1. compiler.py -- RoPE mixed dtype fix

When FORCE_FLOAT32=1 (Gemma3 float16 path), the model loads in bfloat16 but inference uses float16 autocast. RoPE returns bfloat16 cos/sin (from hidden_states dtype), attention projections produce float16 q/k/v (under autocast), and apply_rotary_pos_emb promotes float16 * bfloat16 = float32. This breaks flex_attention (requires matching q/k/v dtypes) and causes cache dtype mismatches.

Adds fix_apply_rotary_pos_emb_mixed_dtype() source transformation that inserts cos/sin dtype casting to match q dtype inside apply_rotary_pos_emb during compilation. Applied in both create_standalone_class() and create_new_function().

2. temporary_patches/misc.py -- Static cache dtype mismatch

Adds patch_static_cache_dtype_mismatch() that patches StaticLayer and StaticSlidingWindowLayer to handle key/value dtype mismatches during cache initialization and updates. Uses lower precision dtype for cache allocation and casts incoming states to match cache dtype. Belt-and-suspenders defense for the FORCE_FLOAT32 path.

3. temporary_patches/gemma3n.py -- Audio mel mask fix

Upstream transformers bug in modeling_gemma3n.py:2114-2115: audio_features = audio_features.pooler_output overwrites the dataclass with a raw Tensor before .audio_mel_mask is extracted. Patches get_audio_features to attach audio_mel_mask onto the pooler_output tensor so it survives the variable reassignment.

Test plan

  • Gemma3 4B Vision inference with dtype=torch.float16 on transformers 5.1.0 -- PASS
  • Gemma3 4B Vision multi-inference (cache reuse) -- PASS
  • Gemma3 4B bfloat16 inference regression -- PASS
  • Gemma3 4B training + post-training inference on transformers 5.1.0 -- PASS (loss=1.486)
  • Gemma3N audio_mel_mask patch verified (patch registered, upstream bug detected, fix applied)

Upstream bug in modeling_gemma3n.py: Gemma3nModel.forward overwrites
audio_features with pooler_output (a tensor) before extracting
audio_mel_mask from the dataclass, causing AttributeError.

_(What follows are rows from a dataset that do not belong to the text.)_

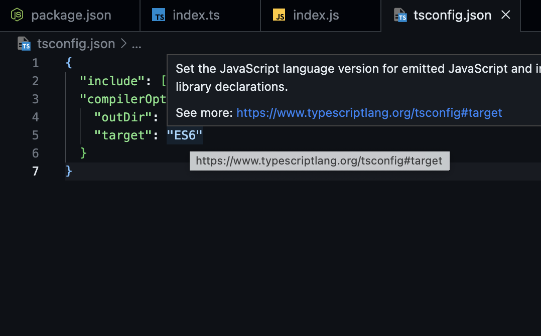 tsconfig에서 작성한 target에 마우스를 가져다 대면 툴팁 안에 링크가 보이는데, 함 클릭해보자!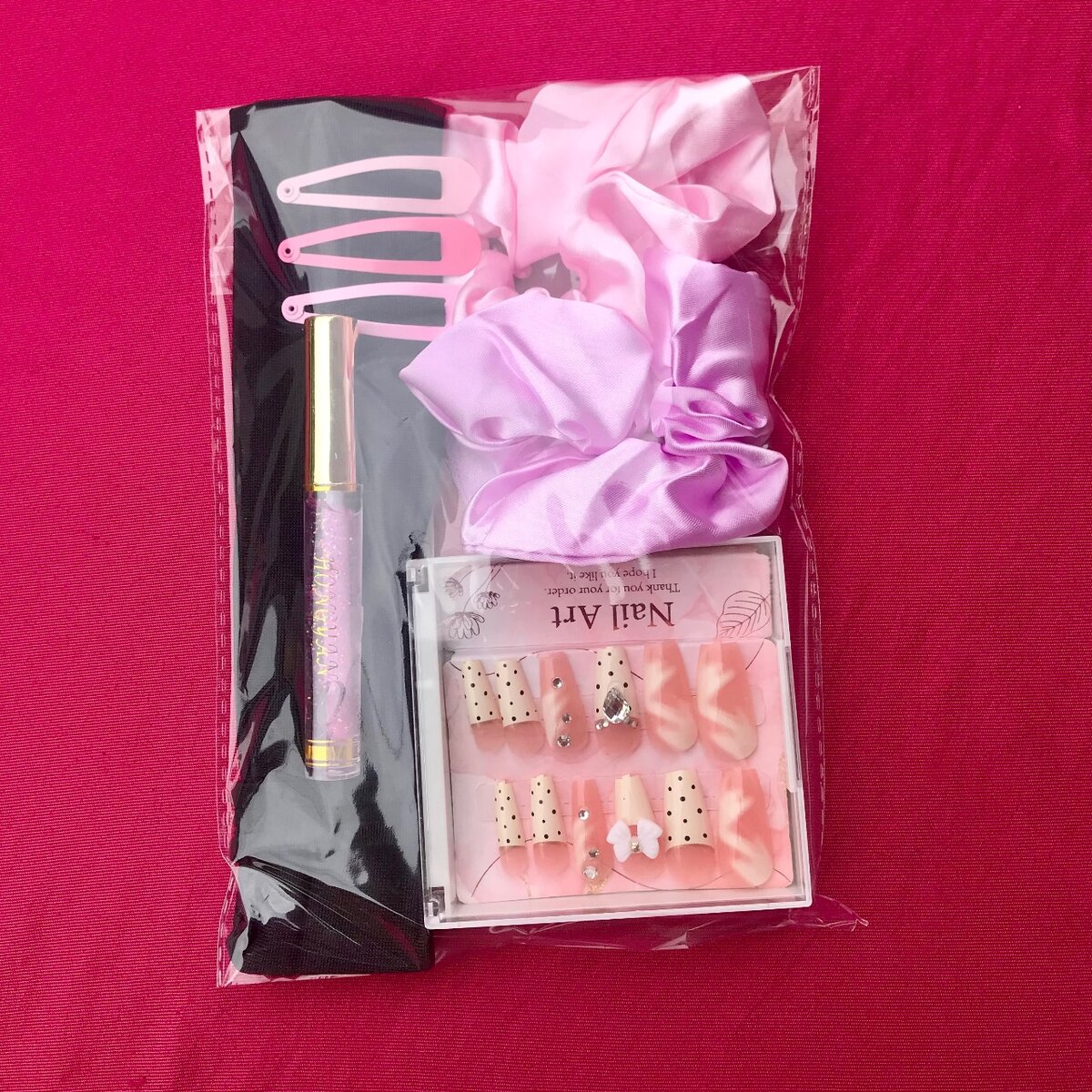 Améliorez votre style avec ce kit beauté complet comprenant des faux ongles élégants, un gloss scintillant, des chouchous en satin et des accessoires pour cheveux. Parfait pour des occasions spéciales ou une mise en beauté quotidienne, ce set est un incontournable pour ajouter une touche glamour à votre look.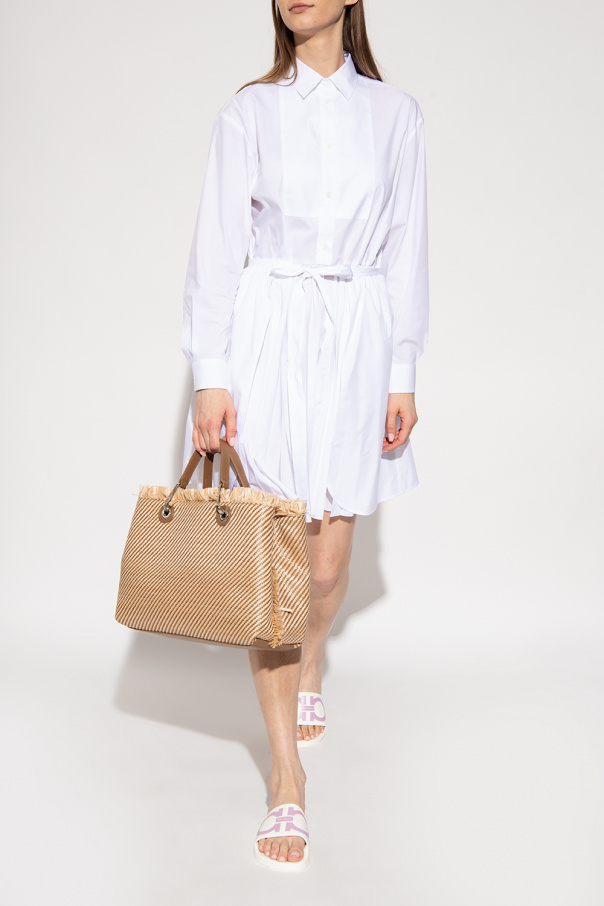 White slides from Salvatore Ferragamo. Made of rubber, this model sits on a white sole and showcases a pink Gancini logo.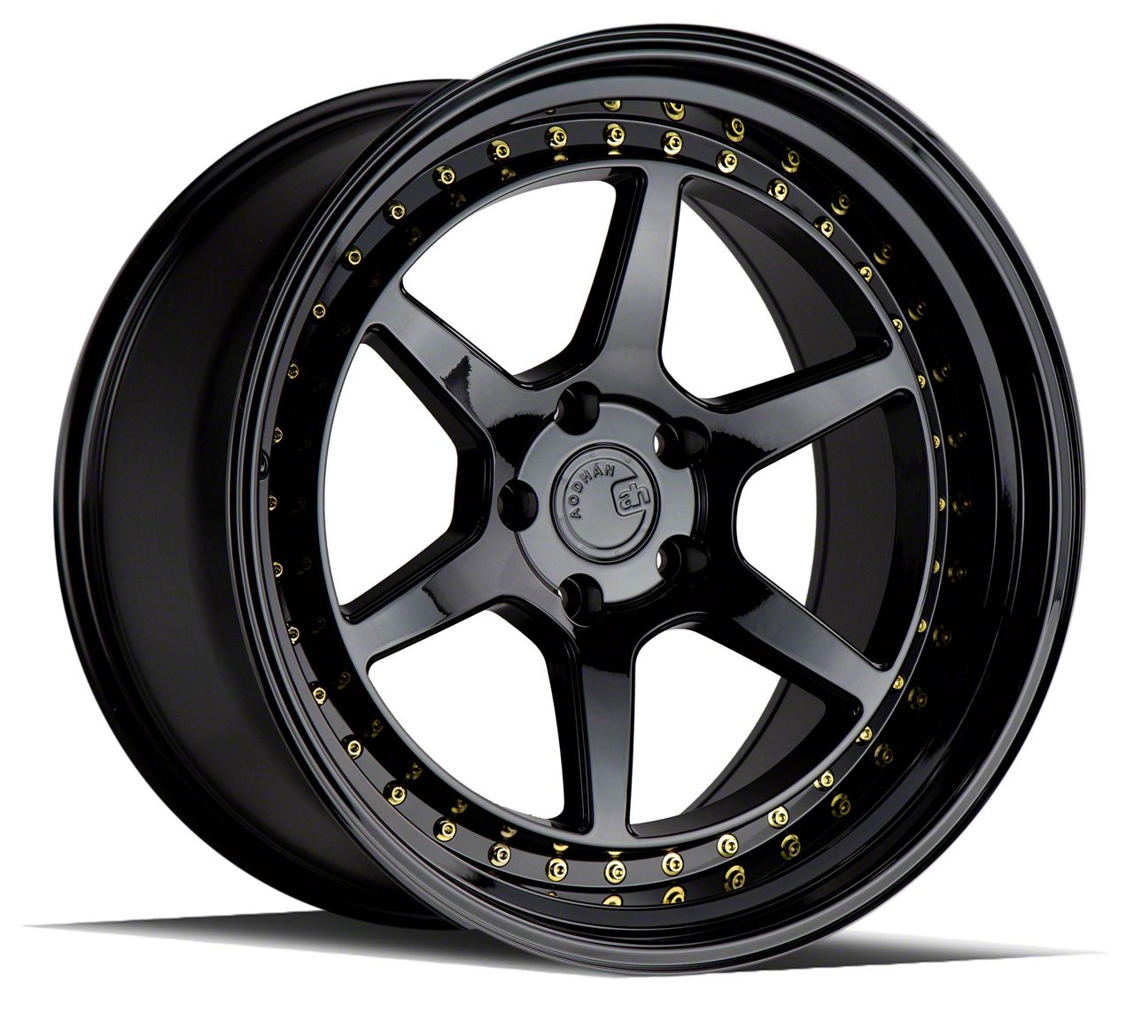 Application. This Aodhan DS09 Gloss Black with Gold Rivets Wheel; Rear Only; 19x9.5; 15mm Offset, with a backspace of 5.841 Inch, 148.4mm; and bolt pattern of 5 x 114.3mm (5 x 4.5-Inch), is designed to fit 2005–2009 Mustang models. Sold individually.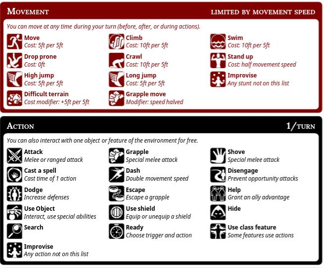 | Staff | Free | A stout branch cut from a tree and smoothed for use. A staff does 1d4 bludgeoning damage. Can't use with a shield. |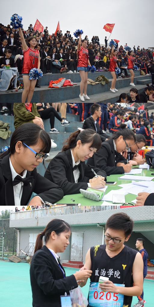 选手们在赛场上披荆斩棘,后勤工作人员也在默默奉献着。员工会成员一边维持看台的秩序,检查看台的卫生,一边安排人员为运动员们送上食物和水,带领运动员们检录;拉拉队成员们不畏秋凉,用活力四射的拉拉操为运动员们加油打气;“小记者”们奋笔疾书,认真及时地线上线下双渠道投递通讯稿,为运动员们传递鼓励和祝贺;看台上的观众们,手挥小拍手,大声呐喊,为运动员们助威。他们,兢兢业业,勤勤恳恳,圆满完成各项工作,确保比赛的顺利进行。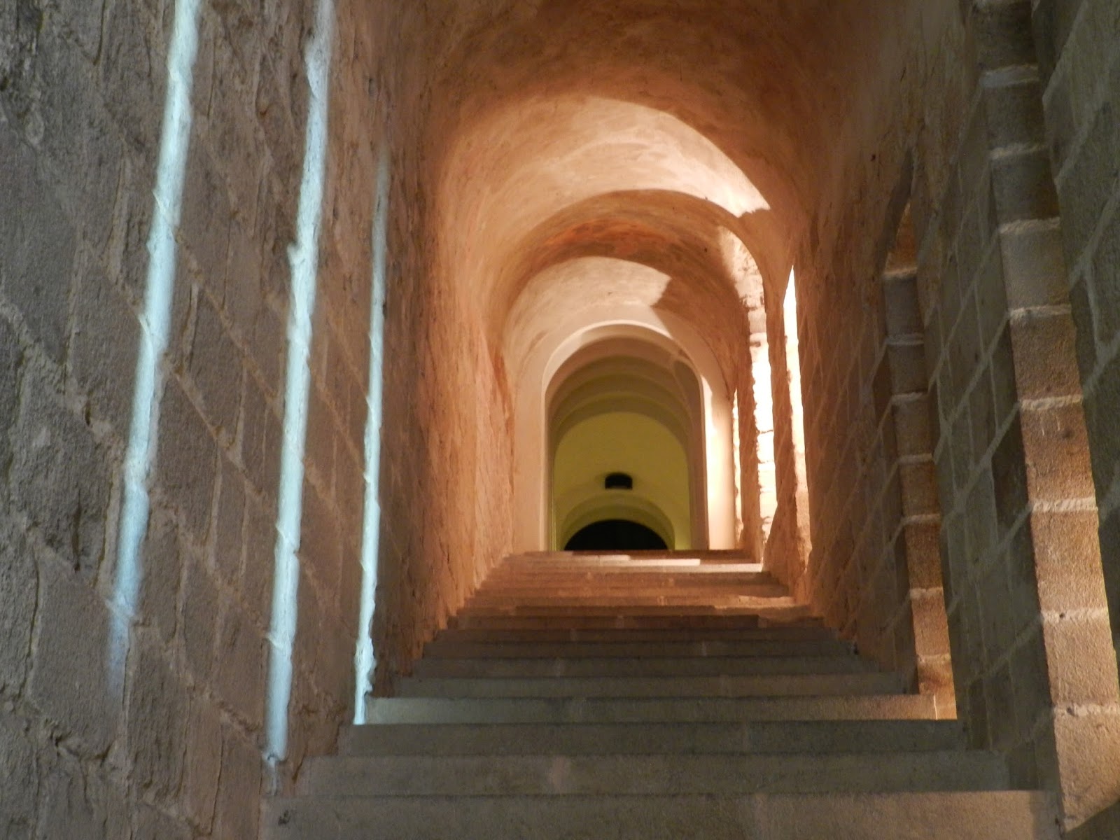 The walk in the abbey is a one-way route through fine — but barren — Gothic rooms. A rented audioguide explains where you are as you explore the impressive church, delicate cloisters, and refectory (where the monks ate in austere silence). A highlight is the giant tread-wheel, which six workers once powered hamster-style to haul two-ton loads of stones and supplies from the landing below. This was used until the 19th century.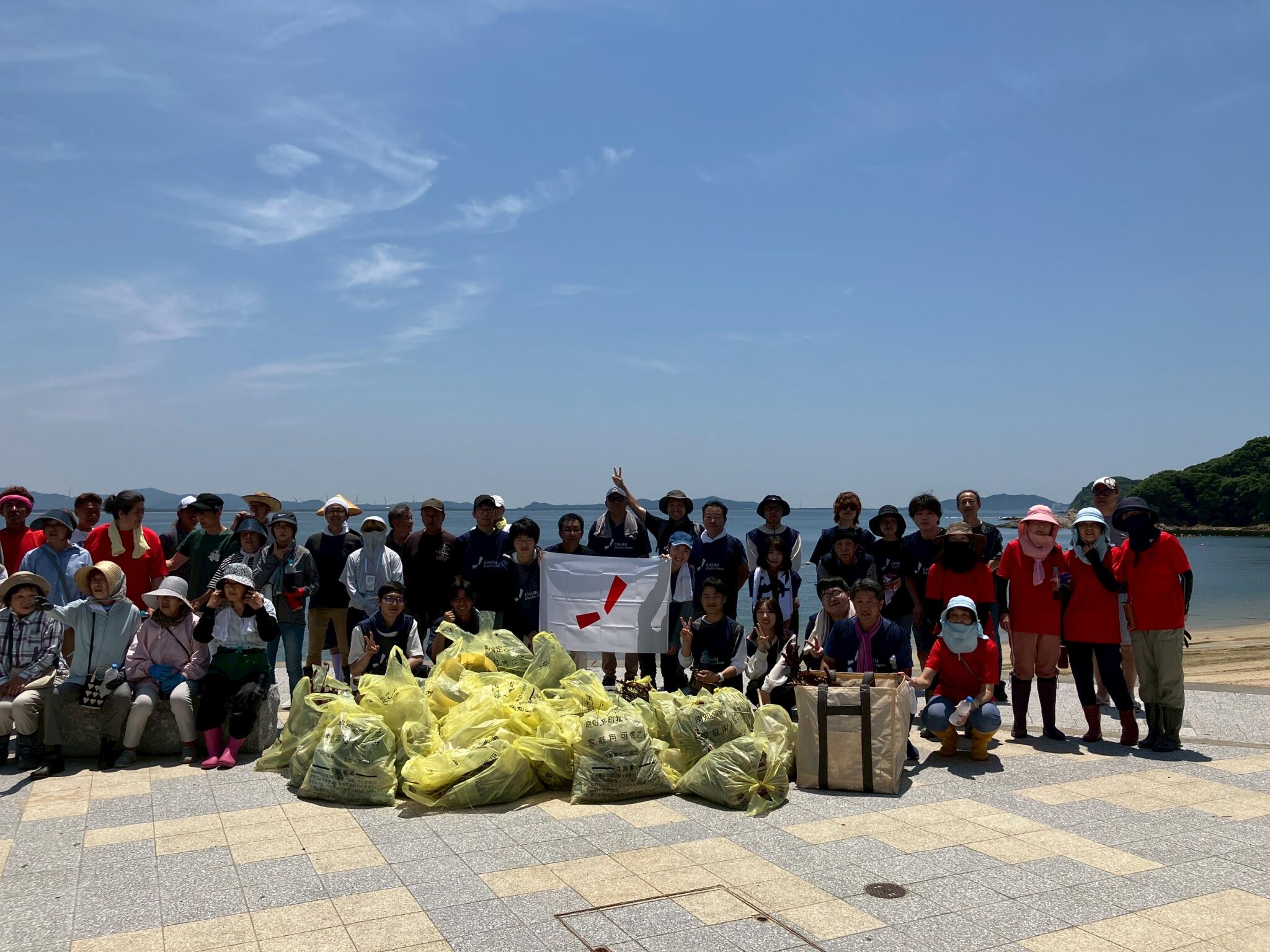 今回我々は篠島サンサンビーチに赴き、中部電力様や篠島漁業組合の皆様、そして島民のみなさまと清掃活動を行いました。その後中部電力の杉浦様より海洋問題についての勉強会と意見交換会を行いました。

Patch get_audio_features to attach audio_mel_mask onto the
pooler_output tensor so it survives the variable reassignment.
When using float16 dtype with Gemma3 (FORCE_FLOAT32 path), the model loads
in bfloat16 but inference uses float16 autocast. This creates a dtype chain
where RoPE returns bfloat16 cos/sin, attention projections produce float16
q/k/v under autocast, and apply_rotary_pos_emb promotes float16 * bfloat16
to float32. The result: float32 keys, float16 values, and flex_attention
rejecting mismatched q/k/v dtypes.

Two fixes:

1. compiler.py: Add fix_apply_rotary_pos_emb_mixed_dtype() source
   transformation that inserts dtype casting (cos/sin to match q dtype)
   inside apply_rotary_pos_emb during compilation. Applied in both
   create_standalone_class() and create_new_function() to cover all
   compiled code paths.

2. misc.py: Add patch_static_cache_dtype_mismatch() that patches
   StaticLayer and StaticSlidingWindowLayer to handle key/value dtype
   mismatches during cache initialization and updates. Uses lower
   precision dtype for cache allocation and casts incoming states to
   match cache dtype. Only activates when UNSLOTH_FORCE_FLOAT32=1.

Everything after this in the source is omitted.